Mamoru pasó junto al monitor y echó un vistazo. Ningún interruptor ni panel de control quedaba visible. No se trataba más que de una pantalla gigante que, en ese preciso instante, mostraba a turistas recogiendo castañas. En la esquina inferior izquierda, Mamoru divisó las iniciales M y A unidas en un logo. Creyó reconocerlas de algún otro sitio, pero no podía recordar de dónde.
—Y ya que están proyectando vídeos, ¿por qué no nos dejan ver
2001: Una odisea en el espacio
o alguna película interesante? —refunfuñó Sato.
—¿Estás de coña? —rió Mamoru—. Los clientes se quedarían dormidos antes de comprar ningún artículo.
—¡Kusaka, tienes visita! —Mamoru se volvió sobre sí mismo y encontró a Yoichi Miyashita, un compañero de clase.
El chico parecía incómodo.
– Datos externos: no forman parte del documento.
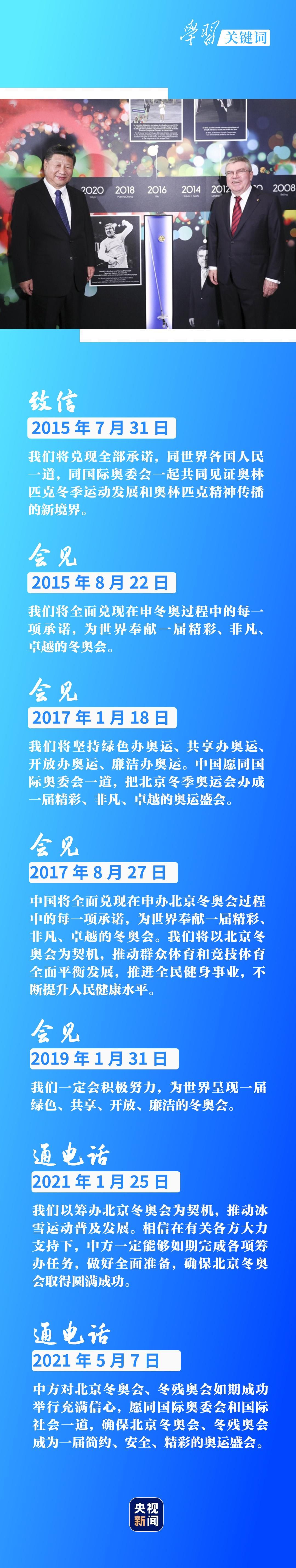 “全面兑现每一项承诺”“推动冰雪运动普及发展”,在同国际奥委会主席巴赫的互动中,习主席多次表明中国态度。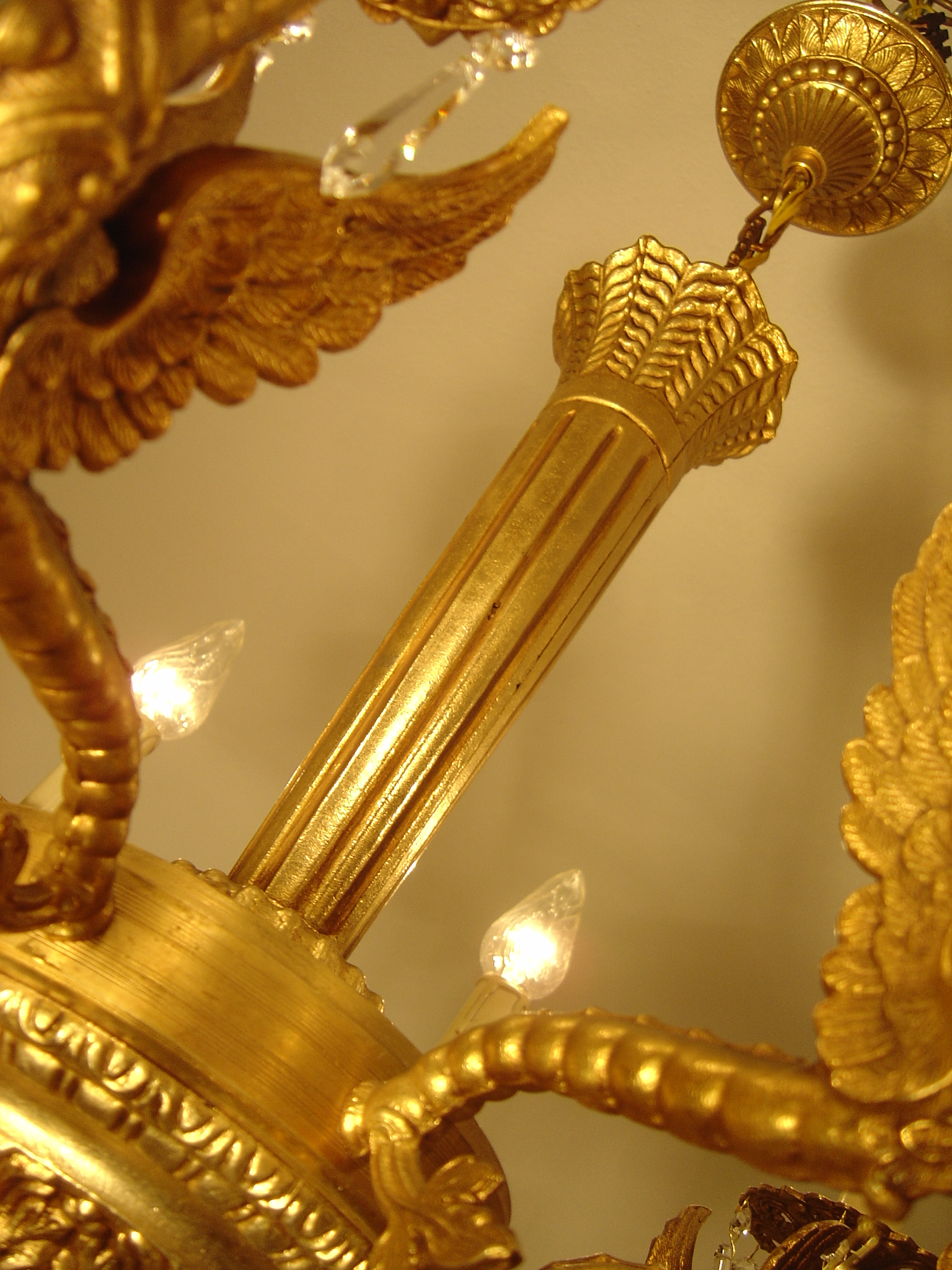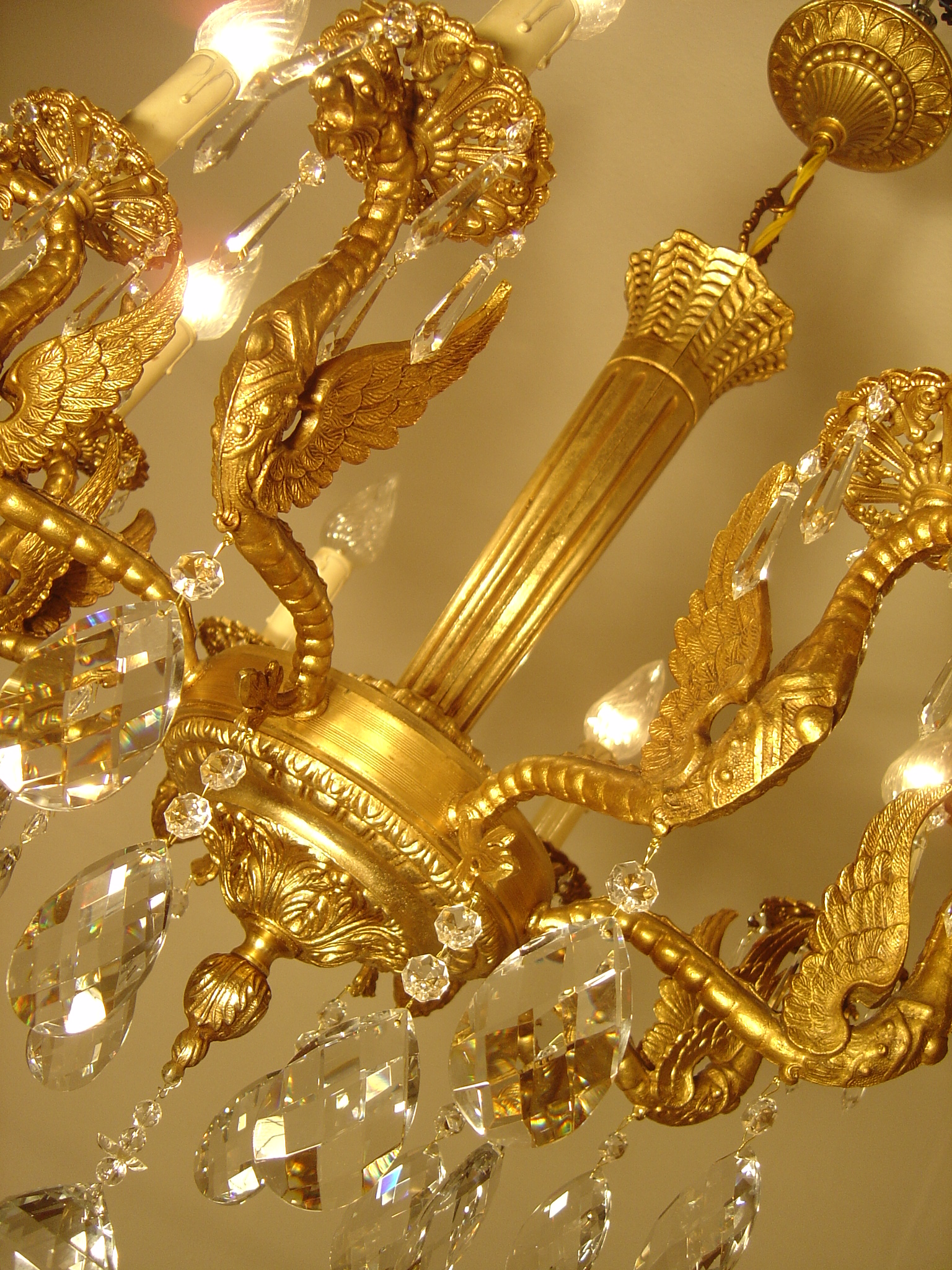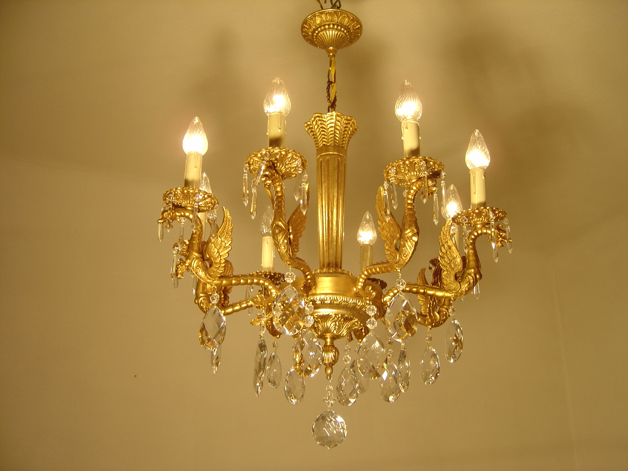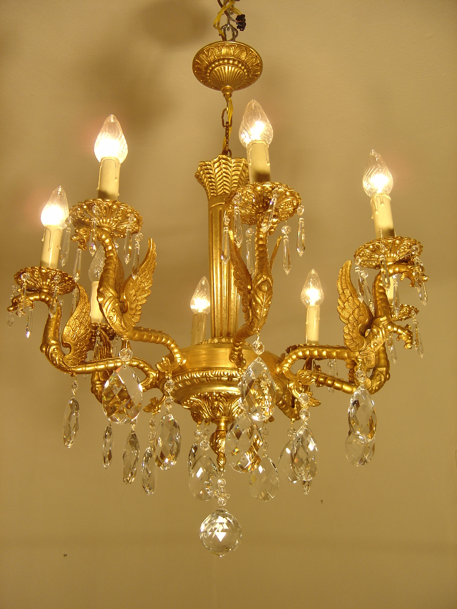 Zur Auktion steht ein sehr schöner 8 flammiger Kronleuchter mit geflügelten Drachenfiguren. Der Korpus besteht aus massivem Messing mit einer Goldbronzepatina und wiegt ca. 17 kg. Die lange konische Mittelsäule ist fein kanneliert. Die 8 Flammen stehen auf ornamentierten durchbrochenen Tropfentellern, umhüllt von noch originalen Tropfenhülsen, aus gewachstem Karton mit Stucktropfen. Der Unterbehang der Arme sind große Kristallwachteln mit Rautenmuster. Die Tropfenteller schmücken jeweils 6 hochwertige lange Eisbirnel. Der untere Abschluß ist eine facettiert geschliffene Kristallkugel.

Cerraba y abría los puños convulsivamente, nervioso, como si intentara armarse de valor para decir algo. Se lo veía pálido y frágil, y tenía la piel clara y ese tipo de complexión delgada que tanto gustaba a las chicas.
Mamoru apenas lo había visto hablar con nadie a la salida del instituto. Sus notas rozaban la media y solía faltar a clase. Todos sabían que Miura y sus matones tenían algo que ver con su absentismo.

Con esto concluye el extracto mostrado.